Regina, Flannery’s mother, has long held a notorious position in literary history as the main model for the racist mothers in O’Connor’s fiction. The widowed Regina solely oversaw Andalusia, the dairy farm that provided the income and housing for herself and her daughter. The fact that Regina’s father—Flannery’s grandfather—may have helped to start the first HBCU in Georgia raises a new perspective about the ideological stance around race within her mother’s family.
This discovery does not, of course, preclude the fact that Regina may have been as racist as some of her fictional depictions (although family friends in our PBS documentary challenge this assertion), but this little-known detail about her father adds more complexity to the stories of the O’Connor family and their relations with and respect for their domestic, farm and dairy workers—their Georgian neighbors.
There has long been controversy surrounding O’Connor’s letters and a debate over the sincerity of her politically incorrect (to say the least) statements to best friend, radical playwright and civil rights activist Maryat Lee (“I don’t like Negroes,” O’Connor once wrote. “They all give me a pain and the more of them I see the less and less I like them.”) Because of Lee’s respect for James Baldwin, her background in Harlem and her close friendship with O’Connor, I fall into the camp of believing that O’Connor was being painfully sarcastic in these letters to one of her closest friends. She deconstructively—and inappropriately—assumes a racist persona, intentionally echoing the oppressive voices around her (as in her fiction), but not, as others have argued, obviously revealing an O’Connor family inclination toward racism.
Regardless of where you fall in this debate about O’Connor’s white privilege and her self-awareness of it, you should read her writing, the abundant scholarship around her, and decide for yourself.
Returning to the question I proposed above: What might Flannery O’Connor be writing about the events of today? With apologies for my boldness—after years of studying her biography, her fiction, her letters and her love of the daily news, I have a few guesses.
On the matter of Pope Francis’s health, O’Connor would be praying for him every day. With regard to the 2025 Jubilee Year, O’Connor would be researching Old Testament history and writing letters about the sounding of the shofar to announce a modern-day forgiving of debts, a freeing of all slaves and returning of property and earth to its original owner—God. On the subject of American anti-immigrant sentiment, she would be directing readers to her 1955 novella, “The Displaced Person.”

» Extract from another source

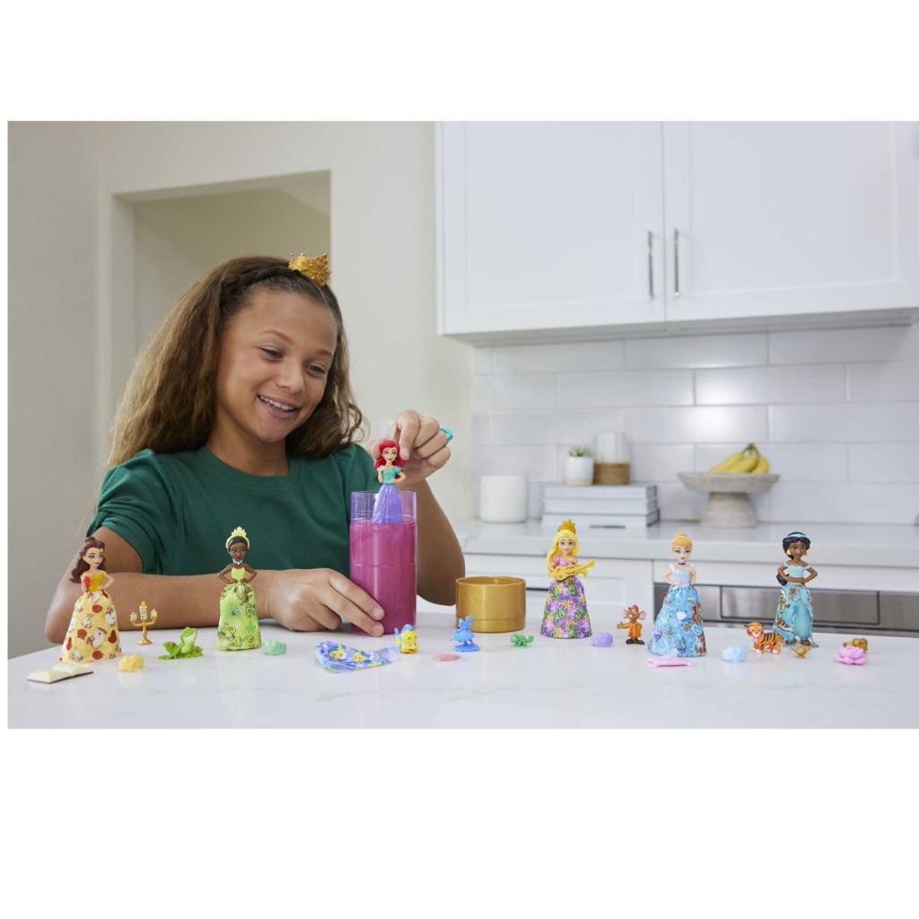 Inspired by the beloved animated characters from popular Disney movies, the Princess Color Reveal™ dolls set comes with 6 magical surprises in each pack!

As for the drastic reduction of USAID support for Catholic charities worldwide under the Trump administration, O’Connor would be pleading with us to write our senators, representatives and news outlets to make our opinion known. Responding to the D.E.I. and L.G.B.T. initiatives that have come under fire in recent months, she would perhaps recommend her first published story from 1946, “The Geranium.” Then she would refer you to her 1955 tale, “A Temple of the Holy Ghost,” and finally, she may ask that you finish up with her last story, written as she was dying in her hospital bed in 1965: “Revelation.”
I am personally delighted that researchers continue to share new discoveries, producers keep working to adapt her stories for the stage and screen, wonderful children’s books and songs are written, thoughtful museum exhibitions are happening, and a worldwide audience of literary and religious supporters continue to challenge and re-inform our understanding of Flannery O’Connor’s story-filled life in the south.
Happy centennial indeed, Ms. O’Connor!